The girls won’t let things go back to normal, no matter what’s going on around them. Angela pulls out her toenails, hits her dad, screams and swears, and has a severe conniption that should have sent her to the hospital. At the same time, Tony and Miranda take Katherine to church like they always do. She sits in a chair and looks pale, sweaty, and evil as hell, like she wants to rip Christ off the cross and fricassee him. Ann, Victor’s neighbor, who is a nurse and used to be almost a nun, says she thinks she knows what’s going on and gives him a book written by Chris MacNeil (Burstyn), who wrote the scary story of how her daughter did unnatural handsprings down the stairs and poop all over the house (one assumes the appendix has carpet stain removal tips). Hey, do you remember all that? How could we have forgotten? Chris agrees to help Victor, even though he isn’t sure about any of it because he’s a “god is dead and no one cares if there is a hell I’ll see you there” skeptic. But if that means becoming the thing in the movie’s title to save his daughter, then so be it.

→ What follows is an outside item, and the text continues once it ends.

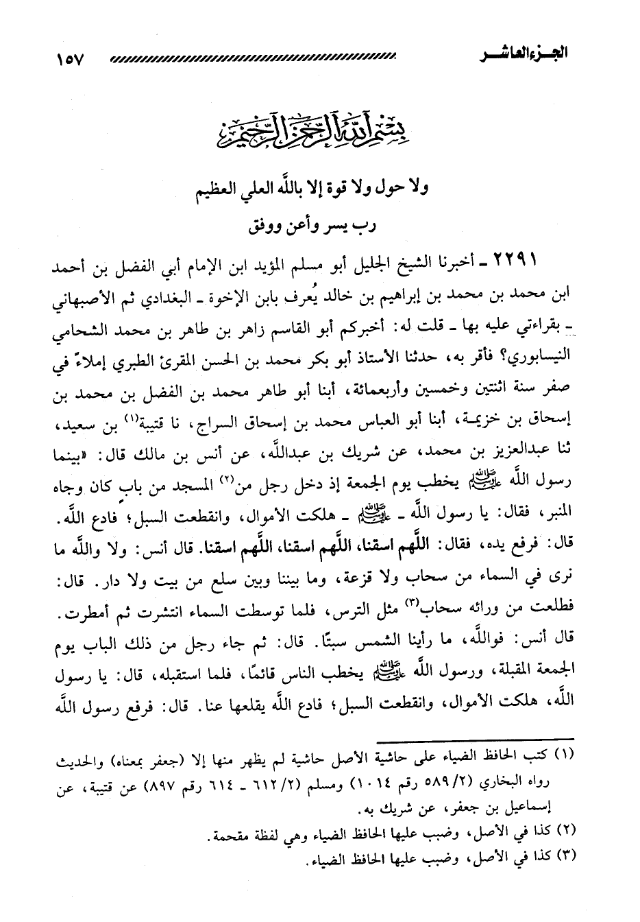 2291- أَخْبَرَنَا الشَّيْخُ الْجَلِيلُ أَبُو مُسْلِمٍ المؤيد ابن الإمام أبي الفضل بن أحمد ابن محمد بن محمد بن إبراهيم بن خالد يُعْرَفُ بِابْنِ الأخوَةِ - الْبَغْدَادِيُّ ثُمَّ الأَصْبَهَانِيُّ -بِقِرَاءَتِي عَلَيْهِ بِهَا- قُلْتُ لَهُ: أَخْبَرَكُمْ أَبُو الْقَاسِمِ زاهر بن طاهر بن محمد الشحامي النيسابوري؟ فَأَقَرَّ بِهِ، حَدَّثَنَا الأُسْتَاذُ أَبُو بَكْرٍ مُحَمَّدُ بْنُ الْحَسَنِ الْمُقْرِئُ الطَّبَرِيُّ إِمْلاءً فِي صَفَرٍ سنة اثنتين وخمسين وأربعمائة، أبنا أبو طاهر محمد بن الفضل بن محمد بن إسحاق بن خزيمة، أبنا أبو العباس محمد بن إسحاق السَّرَّاجُ، نَا قُتَيْبَةُ بْنُ سَعِيدٍ، ثَنَا عَبْدُ الْعَزِيزِ بْنُ مُحَمَّدٍ، عَنْ شَرِيكِ بْنِ عَبْدِ اللَّهِ، عَنْ أَنَسِ بْنِ مَالِكٍ قَالَ: ((بَيْنَمَا رَسُولُ اللَّهِ صَلَّى اللَّهُ عَلَيْهِ وَسَلَّمَ يَخْطُبُ يوم الجمعة إذ دخل رجل من الْمَسْجِدِ مِنْ بابٍ كَانَ وِجَاهَ الْمِنْبَرُ، فَقَالَ: يا رسول الله - صلى الله عليه وسلم - هَلَكَتِ الأَمْوَالُ، وَانْقَطَعَتِ السُّبُلُ؛ فَادْعُ اللَّهَ. قَالَ: فَرَفَعَ يَدَهُ، فَقَالَ: اللَّهُمَّ اسْقِنَا، اللَّهُمَّ اسْقِنَا، اللَّهُمَّ اسْقِنَا. قَالَ أَنَسٌ: وَلا وَاللَّهِ مَا نَرَى فِي السَّمَاءِ مِنْ سَحَابٍ وَلا قَزَعَةٍ، وَمَا بَيْنَنَا وَبَيْنَ سَلْعٍ مِنْ بَيْتٍ وَلا دَارٍ. قَالَ: فَطَلَعَتْ مِنْ وَرَائِهِ سَحَابٌ مِثْلُ التُّرْسِ، فَلَمَّا تَوَسَّطَتِ السَّمَاءَ انْتَشَرَتْ ثُمَّ أَمْطَرَتْ. قال أنس: فوالله، ما رأينا الشمس سبتاً. قَالَ: ثُمَّ جَاءَ رَجُلٌ مِنْ ذَلِكَ الْبَابِ يَوْمَ الْجُمُعَةِ الْمُقْبِلَةِ، وَرَسُولُ اللَّهِ صَلَّى اللَّهُ عَلَيْهِ وَسَلَّمَ يَخْطُبُ النَّاسَ قَائِماً، فَلَمَّا اسْتَقْبَلَهُ، قَالَ: يَا رَسُولَ اللَّهِ، هَلَكَتِ الأَمْوَالُ، وَانْقَطَعَتِ السُّبُلُ؛ فَادْعُ اللَّهَ يُقْلِعُهَا عَنَّا. قَالَ: فَرَفَعَ رَسُولُ اللَّهِ -[158]- صَلَّى اللَّهُ عَلَيْهِ وَسَلَّمَ يَدَهُ فَقَالَ: اللَّهُمَّ حَوَالَيْنَا وَلا علَيْنَا، اللَّهُمَّ عَلَى الآجام والظراب وَبُطُونِ الأَوْدِيَةِ، وَمَنَابِتِ الشَّجَرِ. قَالَ: فأَقْْلَعَتْ وَخَرَجْنَا نَمْشِي فِي الشَّمْسِ)) .

Our Take: We won’t give anything away, but Burstyn is treated badly and hilariously in this script. An all-time great like her deserves better, but hey, at least her fate made us laugh while the rest of the movie made us shrug and feel like we’d seen it before. Even though Pazuzu gets two this time and Jewett and O’Neill are great as the pea soup spewers who are having seizures and love the naughtiest of naughty words, the end result is too much like the many copies of William Friedkin’s original. The Exorcist is 50 years old now, and getting Burstyn to come back (he supposedly would only do it if he was promised a big paycheck) isn’t enough to make this remake feel new.
That’s too bad, because you can tell they worked hard on it. Green is still a great director, even though he is mostly known for bringing old horror series back to life. He does a great job of building tension and atmosphere in this movie. But the tension that builds up during awkward conversations between characters of different faiths in the first act doesn’t carry over to the third act’s double-barrel exorcism scene, where a hoodoo healer and Christians from three different denominations yell their versions of “out-damn-spot-out” prayers into the faces of girls with stringy hair, yellow eyes, and sweaty nightgowns. For these exorcisms, they always had stringy hair, wore nightgowns, and groaned from their intestines and necks. Is there another way to show that someone is possessed by a demon? What about something quieter? Not the normal weird hovering and hissing out of the c-word, but a little psychological torture instead? Something a little more new and different? OK. Don’t call me for the next Exorcist until you have one.